Follow these basic steps for using the TIM API:

Create terminal_settings and initialize connection parameters (see Setup Configuration)
Create terminal instance using the created terminal_settings
Set some properties where required:
- Define a pos id
- create mandatory list of ecr_info and add with ta_terminal_add_ecr_data
- create list of print_options and set with set_print_options
- ta_terminal_add_listeners
connect and login. This can be done automatically, when the first terminal operation is called or manually using the login method.
Use terminal operation functions.

A basic flow to show a dialog is:

Automatisms

The TIM API uses two different types of automatisms:

Pre-Automatisms: This means that all actions that need to be done before a function can be called. E.g. a transaction can be called in disconnected state without having called connect, login and activate in advance. These are called automatically by the TIM API before the transaction is performed. The Pre-Automatisms are enabled by default.
Post-Automatisms: These automatisms can be enabled or disabled using the members auto_commit and fetch_brands. A Post-Automatism is triggered after an action has been performed. E.g. if a connect has been called and fetch_brands is activated, an application_information request is called automatically after the connect. Or if auto_commit is activated a commit is performed automatically after a transaction has been made. auto_commit and fetch_brands are enabled by default.

The following diagramsshow the principle of the Pre-Automatisms and Post-Automatisms. Pre-Automatisms are enabled by default and cannot be disabled. If an error occurs the started request from the ECR is returned with an error.

Synchronous flow

Asynchronous flow

Use Cases

This chapter describes various guides and their use cases.

Hint: if no content visible, try to select a guide under "Guide Selection" on the left.

Manual Pan Key Entry

The TIM API offers the possibility to perform a Manual Pan Key Entry (MPKE) on ECR side, e.g. if no physical card is present. This can be done by setting the card_ref field in the transaction_datacontainer present in the terminal instance.

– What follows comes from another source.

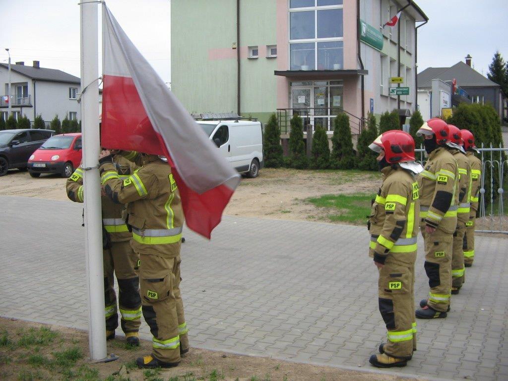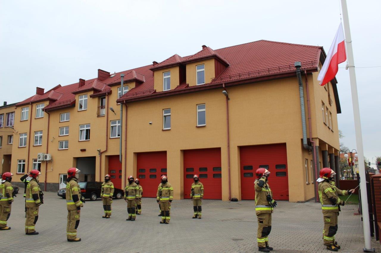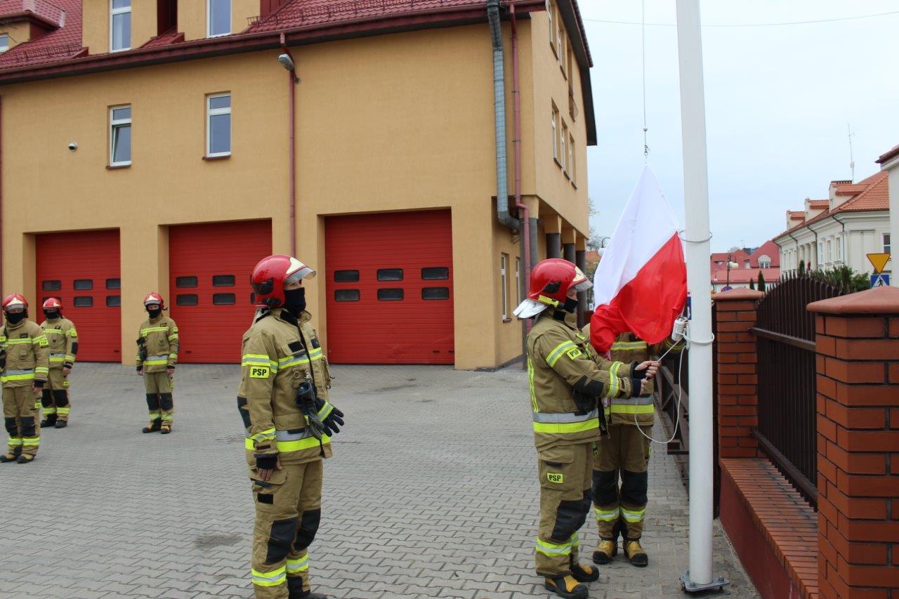 Strażacy Państwowej Straży Pożarnej uczcili w ten sposób Dzień Flagi Rzeczypospolitej Polskiej, wyrażając szacunek do symboli narodowych.

This card_ref field must have the following format to reference a non-PCI PAN:

Example: "061234567801234567" : "06" is the prefix that defines the content type that follows (non-PCI PAN), "1234568701234567" is then the non-PCI PAN.

Important: The MPKE on the ECR is only allowed for non-PCI brands, otherwise the manual entry must only be performed on the PIN Pad.

Guide Petrol Use Cases

Petrol functionality adds a number of additional methods and notifiers, transaction types, containers (additional_info_list, basket) , container content (processing_disposition) and flows tailored to the needs at petrol stations.

Petrol has the following basic use cases:

Petrol Basket Handling

An essential part of the petrol use cases is the usage of the basket container. This container is used to exchange information regarding purchased goods and fuel at a petrol station. It is important to know that the correctness of the content of the basket container lies within the responsibility of the ECR and/or the acquiring host, not of the TIM API or the terminal.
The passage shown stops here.